What will you include on your website? You can take your author website in a multitude of directions and make changes as you gain more publication credits or add more pages. A bio or “About Me” page is always a good beginning, and, as mentioned above, it’s a great place to introduce yourself as a person and as a writer.

Many writers forgo having a blog on their author website—yet this can be a great marketing tool and is something a pre-published author can skillfully utilize. With a blog, you can give the world an idea of your writing style. It’s the perfect place to showcase your writing before being published!

What are the benefits of having an author website? Author websites act as your online business card. Even if you’ve yet to be published, you can begin building momentum for your writing career. Your author website provides a massive networking opportunity in which the number of people you can meet is virtually infinite. Then, when the time comes for you to query literary agents or submit your work to literary journals, you’ll have a substantial author platform built for agents and editors who want to know more about you and your writing.
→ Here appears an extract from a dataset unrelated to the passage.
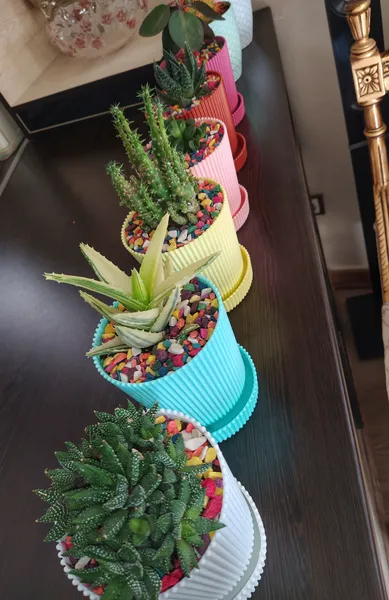 فوق العاده کیوت و نمکی و خوشگل ؛ حتمن بخرین برای آپارتمان و داخل سالن مخصوصن خیلی خوشگل و خوشرنگن روحیه میدن به آدم. جنسشم محکم و مرغوبه. زیر گلدونی و گلدون ها همگی سالم بودن و از خریدم ب شدت راضی ام 😎 عکسشم گذاشتم براتون

It’s important to keep in mind that having an author website is so much more than just posting an excerpt here and there. It’s about promoting yourself as a writer and creating a space where people can come and learn about you. An author website provides the online hub you need to market your author brand.

At Web Design Relief, our tech-savvy experts specialize in creating websites that suit the specific needs of writers. Check out our portfolio and schedule your free consultation call today!

Question: Which author website is your favorite?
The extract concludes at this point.